Data sources include ontologies and annotations, protein-protein interactions, cis-regulatory information, gene-expression data sets, sequence information, and text-mining data.
Moreau said that his team at Leuven regularly updates Endeavour three times a year to include all the background databases, creating a local data warehouse that can be accessed by users.
[ pagebreak ]
While the Leuven team’s expertise has been in prioritizing genes from array-based gene expression studies, Moreau said that Endeavour is useful for other applications. For example, team member Leon-Charles Tranchevent discussed the use of Endeavour with array comparative genomic hybridization data at the Wellcome Trust Sanger Institute-hosted Genomic Disorders conference, held in Cambridge, UK, last month.
"In general, for whatever procedure that led you to the list of genes to sort out, this method would be applicable," Moreau said.
He cited a paper authored in 2007 by researchers at the Max Plank Institute for Biochemistry that used mass spectrometry to identify adipocyte proteins. Adipocytes are considered to be central players in energy metabolism and are related to obesity.

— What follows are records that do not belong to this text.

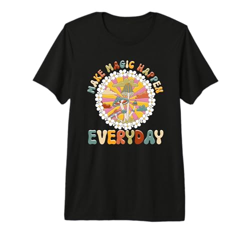 Groovy Make a Magic Happen Everyday Mushroom Botanical Premium T-Shirt
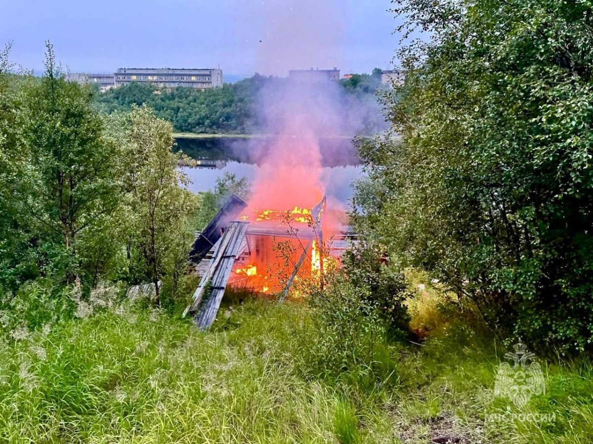 Поздним вечером 15 июля в Мурманске на озере Окунвое загорелся заброшенный деревянный трамплин. Сообщение о пожаре поступило в 23:33.
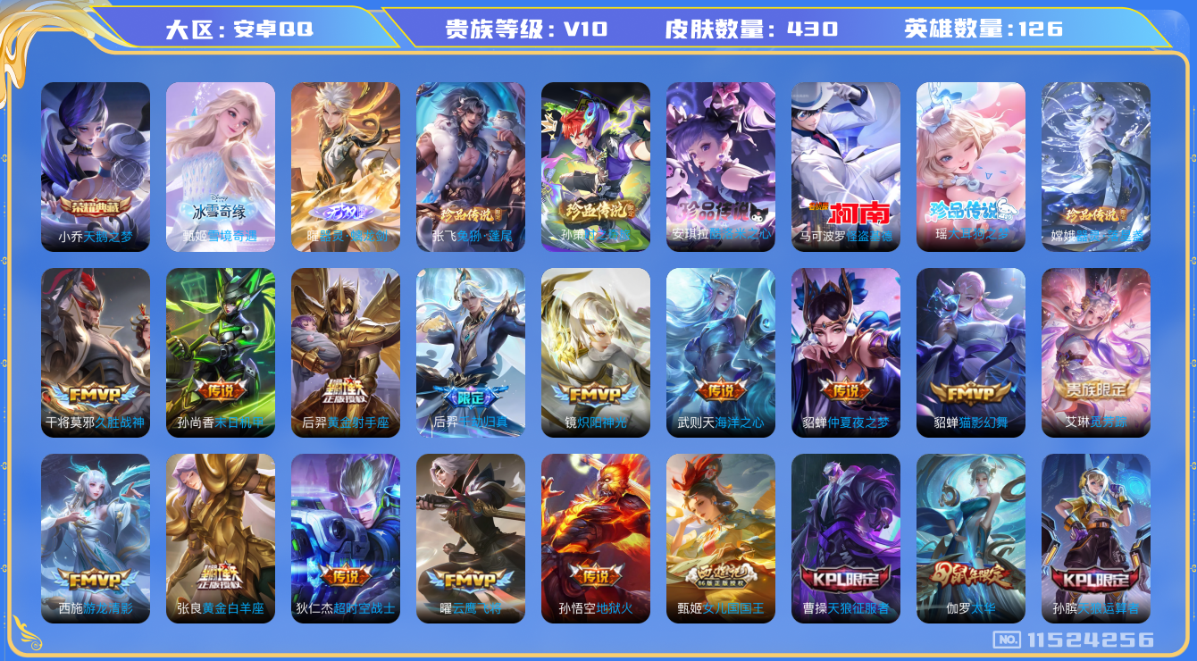 [11524256]V10 1典藏 2无双 6珍品传说 27传说 126英雄 430皮肤 典藏英雄武则天 女号 可修改实名 优质装备:天鹅之梦(小乔典藏),雪境奇遇-甄姬,器灵·螭龙剑,怪盗基德,器灵·落星盏,酷洛米之心,大耳狗之梦,黄金射手座,云鹰飞将(小将军),黄金白羊座,猫影幻舞,久胜战神,炽阳神光,末日机甲-孙尚香(绿蚂蚱),地狱火,仲夏夜之梦(大飞蛾),海洋之心,游龙清影(小青龙),超时空战士-狄仁杰,艾琳觅芳踪,千劫归真 珍品传说:时之奇旅-孙策,兔狲·蓬尾 珍宝阁皮:妄想食味,蔷薇恋人,女武神 限定皮:愿照·九州拓(澜年限),愿照·福禄聚(蔡文姬年限),愿照·岁时盈(虞姬年限),愿照·山河定(司空震年限),愿照·众生和(妲己年限),愿照·千秋盛(女娲年限),逐霄战戟,鸣野蒿,白虎志(电光耗子),太华(伽罗年限),时之彼端,时雨天司(水龙头),神威(电光马子),遇见飞天,高山流水,五谷丰年,冰锋战神,天狼运算者,逐梦之音,天狼征服者,祈雪灵祝(雪兔子),天狼绘梦者,李小龙,逐梦之影,朱雀志(守约年限),辉光之辰,如梦令-嫦娥,如梦令-后羿,猪悟能,大圣娶亲,青春决赛季,冰霜恋舞曲,蜜橘之夏,神奇女侠,女儿国国王,时之祈愿-瑶(瑶传限),冰霜神祇 史诗皮:鸭鸭历险记-刘禅,器灵·浮梦炉,化蝶舞,星界战将,灵蛊蚀心,龙之律动,石田雨龙,百相守梦-周瑜,茶境仙,蔬乡物语(鲁班七号),百相守梦-百里守约,百相守梦-黄忠,遇见神鹿,紫霞仙子,苍穹之光,电玩小子(小书包),黄金分割率,特工魅影,千年之狐,电玩·爆裂旋风,江河有灵,雪夜绮愿(周瑜),蒙恬荣光圣徽,偶像歌手,龙骑士(小龙虾),白蛇,暗夜猫娘,魅语,无限星赏官,晚萤,冰冠公主,青蛇,末日机甲-吕布,猫狗日记-孙策,猫狗日记-大乔,时之恋人-孙尚香,乱世虎臣,节奏热浪,修罗,女仆咖啡,摇滚巨星,水果甜心,绅士熊喵,天才门将,星夜王子,心灵骇客,功夫厨神,德古拉伯爵,暗隐猎兽者,幽灵船长,鬼剑武藏,心灵战警,天秀·启明,舞动绿茵,地狱岩魂,诗语江南,纤云弄巧,繁星吟游(呼啦呼啦),拒霜思,缤纷独角兽,乘风破浪,逐浪之夏,月团寄思,水晶猎龙者,曙光守护者,箭羽风息,金属风暴,原初追逐者,圣诞狂欢,圣诞恋歌,鹰眼统帅,暗夜贵公子,魅力维加斯,黎明之约,赏金猎手,奇遇舞章,无心,

In the paper, the authors compared their mass-spec data to existing array data using Endeavour, and were able to associate a number of factors with vesicle transport in response to insulin stimulation, a function of adipocytes.
[Adachi J, et al. In-depth analysis of the adipocyte proteome by mass spectrometry and bioinformatics. Molecular & Cellular Proteomics. 2007 Jul;6(7):1257-73.]
"From the [Max Plank group’s] proteomics screen, they were able to extract a subset of genes they were interested in in the biological process they were studying," Moreau said. "This is a generic problem that many people in molecular biology are facing: you have a long list and out of that you want to extract a shorter list based on getting a subtype of genes. Endeavour is broadly applicable."
Several other papers have been published demonstrating the use of the tool. Most recently, a PLoS Genetics paper published in January discussed the creation of an Endeavour web application for investigating Drosophila.
And last year, Tranchevent was the lead author on a Nucleic Acids Research paper that described Endeavour’s various functionalities. In the paper, Tranchevent and colleagues tested Endeavour on 32 recent disease gene associations from the literature and described a number of recent independent studies that made use of Endeavour to prioritize candidate genes for obesity and Type II diabetes, cleft lip and cleft palate, and pulmonary fibrosis.
According to Moreau, he and his Katholieke Universiteit colleagues do not plan to launch Endeavour as a commercial product, but instead are increasingly looking to license it to pharma and biotech companies.
"Bioinformatics shops have a hard time making money as it is, so, at this moment in 2009, we don’t think there is a large market to support commercialization," Moreau said. "We are more interested in making this more useful in larger scale set-ups, where we would be able to support a pharma or biotech company that would be interested in these tools."
Moreau said that Leuven already has one such large pharma client using Endeavour and that is interested in other, similar licensing deals. He declined to name the pharma licensee.